As for price differences, How do I respond without getting too blunt? Are you aware that the engines companies make various qlty levels and even make engines specifically tailored for their major customers. A B&S engine on brand A and brand B may not be the same even though they may appear to be the same. Same for transmissions. You may have a HST on your Cub but I can guarantee you there is a world of difference between the trans on your Cub and mine. Then there is always the differences in cost of operation between companies and customer perception. For many, there is the perception that JD is a better product than brand B and JD takes advantage and asks a higher price for very similar product. How close have you looked at various models and the small things that in fact count? For instance, wear points. Is there a ball or roller bearing being used? How about a bushing?

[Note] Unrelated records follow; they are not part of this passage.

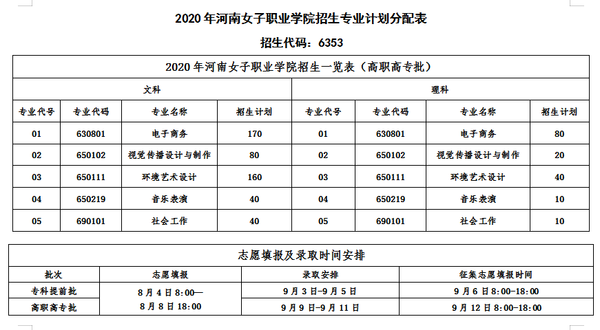 我院2020年招生专业计划分配表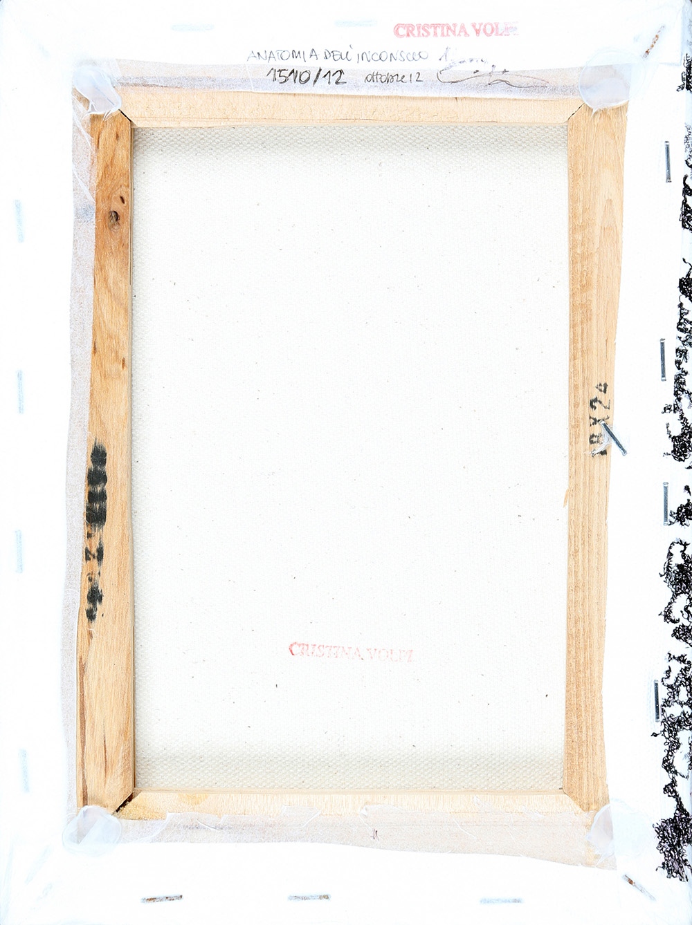 CRISTINA VOLPI 1975 Anatomia dell’inconscio, 2012 Penna e collage di carta velina su tela, cm. 24 x 18 Firmato e datato sul retro Timbro dell’artista sul retro Prov. Collezione Privata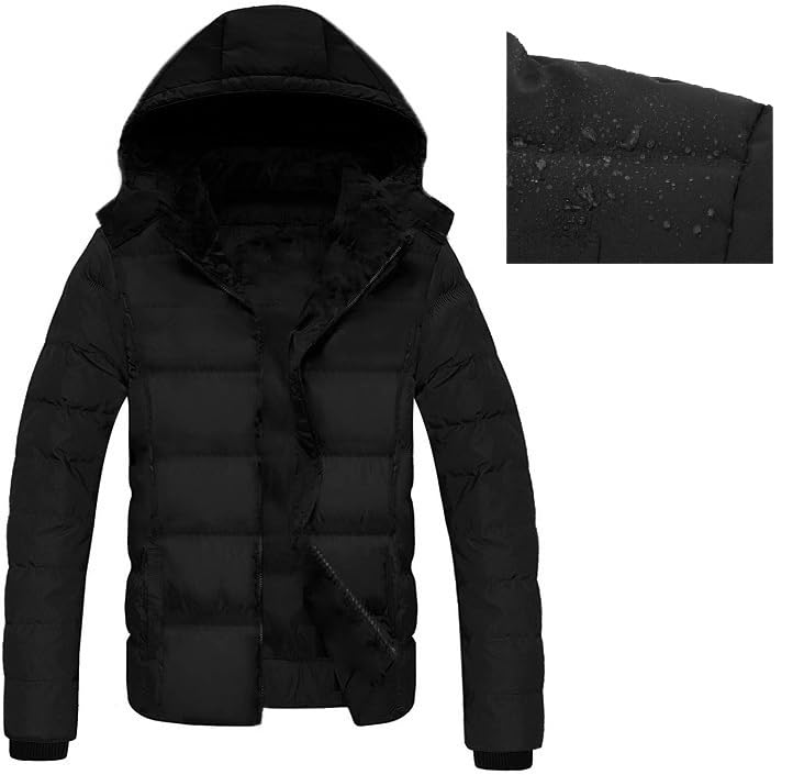 Generic - جاكيت مبطن شتوي مقاوم للماء بغطاء للرأس رجالي، معطف منفوخ مبطن مقاوم للماء، ملابس خارجية مبطنة دافئة
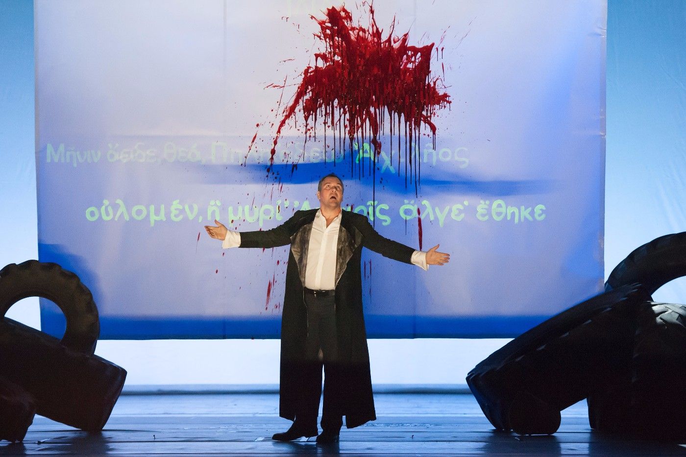 Homers berühmte Ilias ging im Salzburger Landestheater in moderner Fassung über die Bühne. Carl Philip von Maldeghem hat das Epos mit seinen 16.000 Versen verdichtet und erzählt den Kampf um Troja in fünf Sprachen. Nicht nur Schauspieler, sondern auch Sänger und Tänzer bevölkern die Bühne. Gregor Schleuning verkörpert den Superstar Achill, dessen Zorn kein vernünftiges Handeln mehr ermöglicht. (…) Eine turbulente Inszenierung, die das Publikum begeistert.

If so is it oilite bronze or maybe plastic. Differences can be many and some are directly related to durability/reliability, you just have to pay attention to the details. Don't take these comments personally as they are not meant to be personal.


----------



## jfway

Very helpful Mickey. Thank you for the insight. I did not know that Husky and Craftsman were owned by the same company, nor did I realize that the engines too made cheaper models. Makes sense. I did know about the cheaper quality CC and JD are putting out. When I bought the CC ~5 years ago, someone did tell me that those companies had to sell a cheaper product just to stay in the game with the general public. Face it; we now live in a throwaway society…
Well, one more twist to this whole ordeal. Showed up at repair shop #2 yesterday to pick up the tractor with the blown motor (as they told me on the phone). Guy comes out from the garage and says you’re all set, tractor is fine. It was the head gasket after all…
So I loaded it up, went home and cut the grass and it ran fine. Little smoke at first but seemed fine after about 15 min. checked the oil level a few times and was fine. Looks like I’m off the hook for the new tractor. 
Thanks everyone for your feedback and advice. Very helpful and I will continue to search/post to this forum as needed.


----------



## Mickey

Glad to hear all is well again.


----------



## IH farm boy

i wish i would have got on here sooner i had a jd with the same problem. and the same thing happend it was sucking oil threw the head gasket as the oil returned to the crankcase from the head , as far as synthetic goes i love it , i have very good luck with it i have it inn all my lawn tractors and my truck and fourwheeler . i run rotella synthetic 5w 40 . one thing i have heard alot about oil is the mojority of the oil , has lost some of its zinc and a few other compounds that coat and lubricate parts . and since small engine lack all the cool roller bering parts that the cars have now . they say you want to use diesil grade oils they retained more of there lubricating qualities for them big machery and small engines have a lot of similarites in there desings . and as far as changin one way or the other , wont be a problem i have done it to my car and truck and both are well over 100.000 miles . my car i have switched back and fourth three times . i would put a lot of stock in what most of the big chain parts stores have to say! the main this with sythetic is not to use it till the motor is broke in it will cause the rings not to seat . i do know that !!


----------



## parapower

Cub cadet parts have a very long lead time do to the fact all parts now come from over seas as they sold out. Therefore, they r now having major issues. People are getting stuck with inferior parts and cub poor quality of good mowers. Look else where before u buy and look around for a mow that is built out of steel instead of tin. Pay a little more and get quality.


----------